Compare existing vs expected header content/format.

Prefers semantic (field-mapping) comparison and falls back to formatting comparison when dictionaries match but layout differs. In strip-mode or when an updated image exists, can compare full file images.

Axes written
  • comparison
Sets
  • ComparisonStatus: {PENDING, CHANGED, UNCHANGED, SKIPPED, CANNOT_COMPARE}
Source code in src/topmark/pipeline/steps/comparer.py
def __init__(self) -> None:
    super().__init__(
        name=self.__class__.__name__,
        primary_axis=Axis.COMPARISON,
        axes_written=(Axis.COMPARISON,),
    )

may_proceed

may_proceed(ctx)

Return True if comparison can run.

Conditions
  • Resolve succeeded, file type and header processor exist; and
  • One of:
  • Generation is GENERATED or NO_FIELDS; or
  • Policy allows empty-file processing; or
  • An updated image is already present (strip/update fast path).

Parameters:

Name Type Description Default
ctx ProcessingContext

The processing context for the current file.

required

Returns:

Type Description
bool

True if processing can proceed to the build step, False otherwise.

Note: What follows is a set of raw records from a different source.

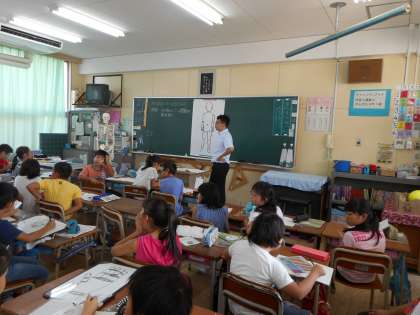 4年1組は理科で「ヒトの体のつくりと運動」の学習でした。人のどこに関節があるかを探して、関節の役割を考えました。リアルな模型があり、わかりやすかったです。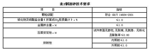 5.2 鋼渣砂技術要求應符合表2的規定。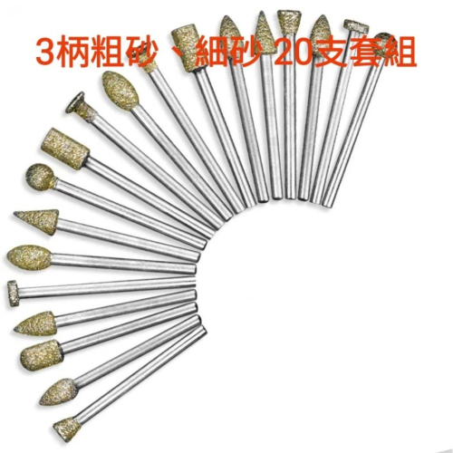【七彩翡翠】3柄 金剛砂 金剛石 磨頭 粗砂 80目 細砂 120目 翡翠 水晶 打磨 雕刻 20支套組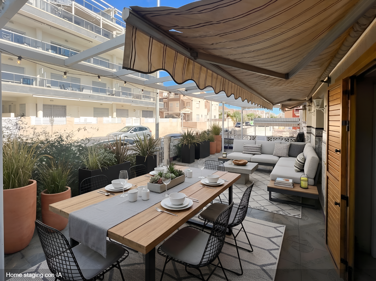 De woning beschikt over een spectaculair terras/tuin van 45 m² met zonnescherm een ideale plek om het hele jaar door te genieten van het mediterrane klimaat, zowel als ontspanningsruimte als als eetgedeelte in de buitenlucht.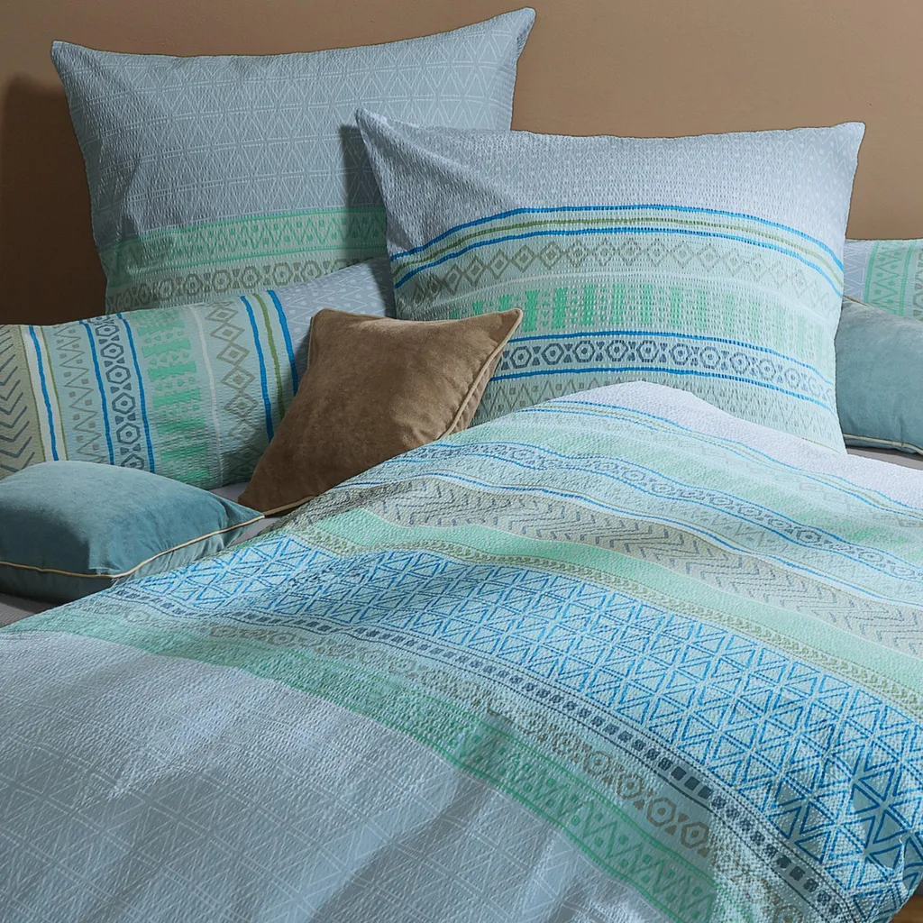 Постельное белье Erwin Müller из сирсакера. Разнообразные этнические узоры - от нежных до ярких - украшают этот очаровательный дизайн, наполняя вашу спальню глотком свежего воздуха. Двусторонняя наволочка добавит еще больше индивидуальности. Особенно летом вы оцените его приятную легкость, приятный для кожи и терморегулирующий эффект благодаря долговечной жатой текстуре. Он прост в использовании, быстро сохнет, не мнется, а благодаря молнии чехол можно быстро поменять.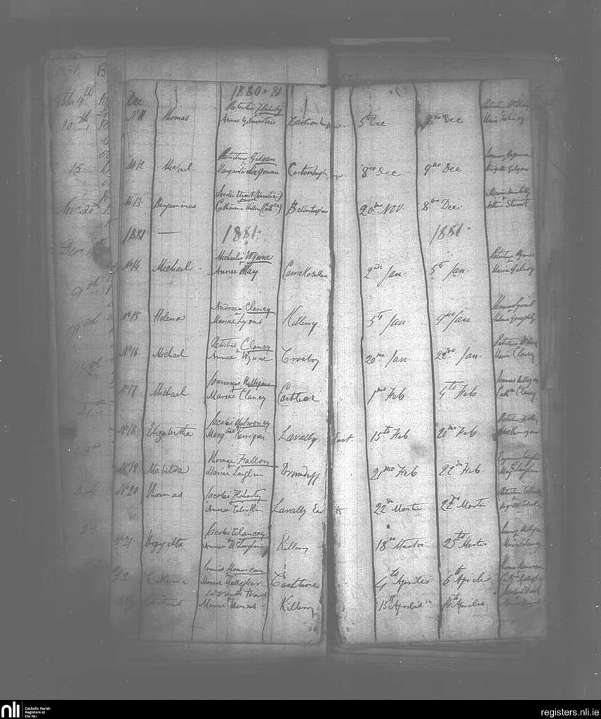 Killenummery; County of Sligo, Leitrim; Diocese of Ardagh. Baptisms, Dec. 1880 to Apr. 1881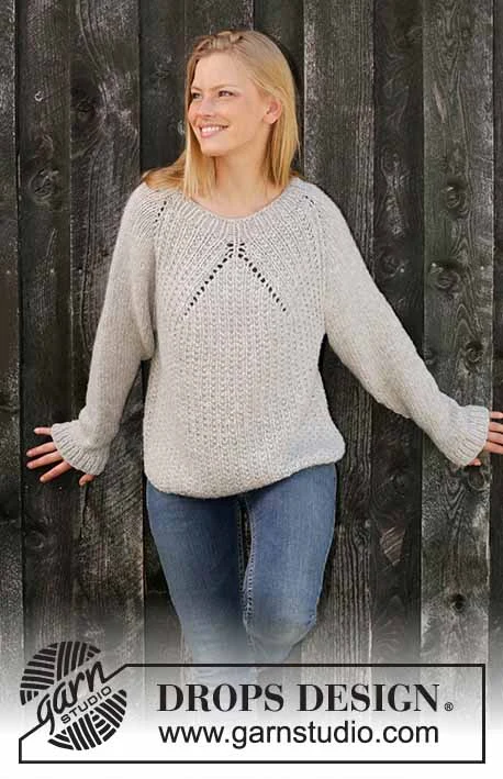 Strikket bluse med raglan i 2 tråde DROPS Sky. Arbejdet er strikket ovenfra og ned med struktur. Størrelse S - XXXL.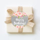 A rustic style sticker for a birthday party. With contemporary pink, peach and coral coloured watercolored dahlia flowers. A rustic grey painted wooden wall as background. White hand lettered style script and the text: Happy Birthday!
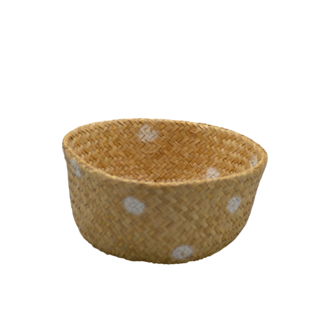 Housevitamin – rieten mandje – naturel witte stippen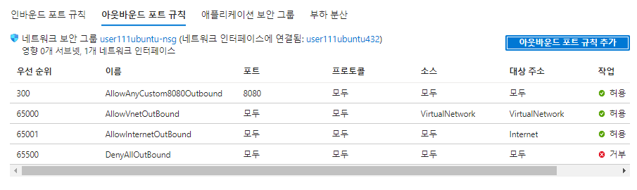 - 아웃바운드 : 가상머신에서 나오는 트래픽
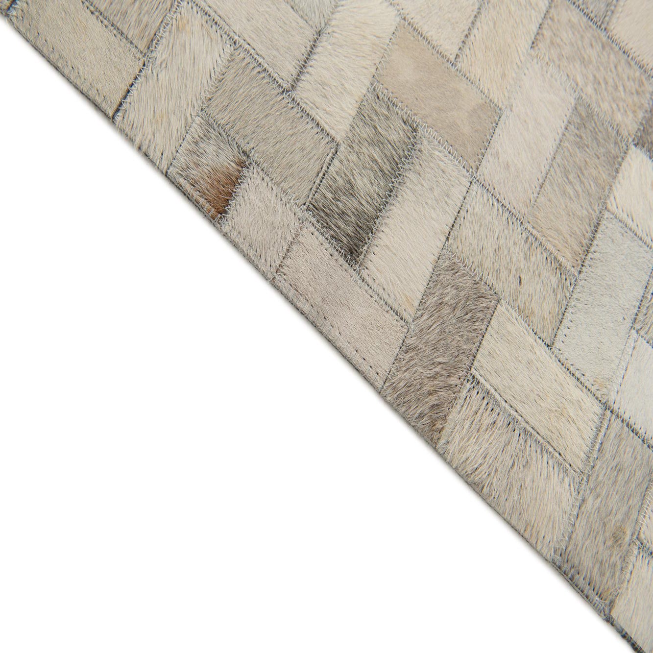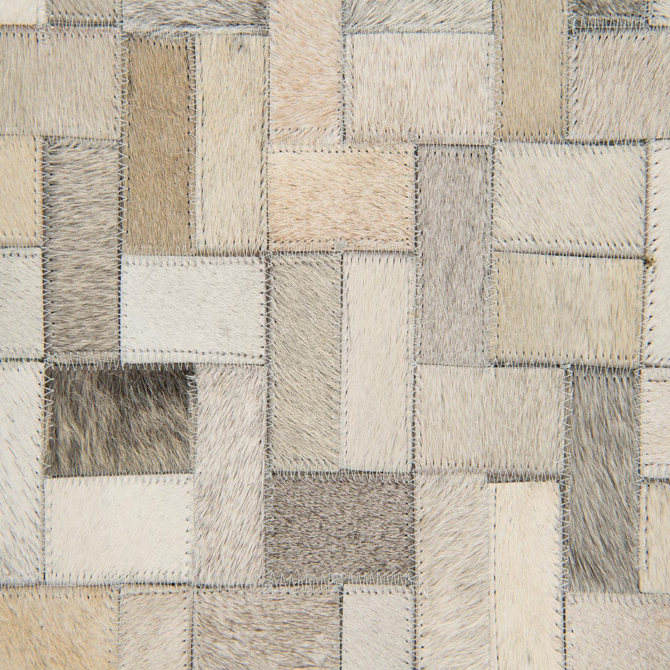 Hand made of cowhide and leather, this rug is composed of small rectangular patches arranged in a staggered, interlocking mosaic that reads like a refined basketweave. The multi-tonal background brings together ivory, beige, tan and gray patches, creating a quiet, layered effect. Running your hand across the surface you feel the hair-on-hide texture—soft to the touch with low nap and a subtle sheen where the hairs catch the light—while the stitched seams provide gentle relief and visual rhythm underfoot.

Source code in src/topmark/pipeline/steps/comparer.py
def may_proceed(self, ctx: ProcessingContext) -> bool:
    """Return True if comparison can run.

    Conditions:
      * Resolve succeeded, file type and header processor exist; and
      * One of:
        - Generation is `GENERATED` or `NO_FIELDS`; or
        - Policy allows empty-file processing; or
        - An updated image is already present (strip/update fast path).

    Args:
        ctx: The processing context for the current file.

    Returns:
        True if processing can proceed to the build step, False otherwise.
    """
    if ctx.is_halted:
        return False

    # Check pipelines:
    rendered_ready: bool = ctx.status.render == RenderStatus.RENDERED
    # Strip pipelines:
    # strip_ready   = ctx.status.strip == StripStatus.READY
    # Check and strip pipelines:
    updated_ready: bool = ctx.views.updated is not None and ctx.views.updated.lines is not None
    return rendered_ready or updated_ready

run

run(ctx)

Compare existing vs expected header and set ctx.status.comparison.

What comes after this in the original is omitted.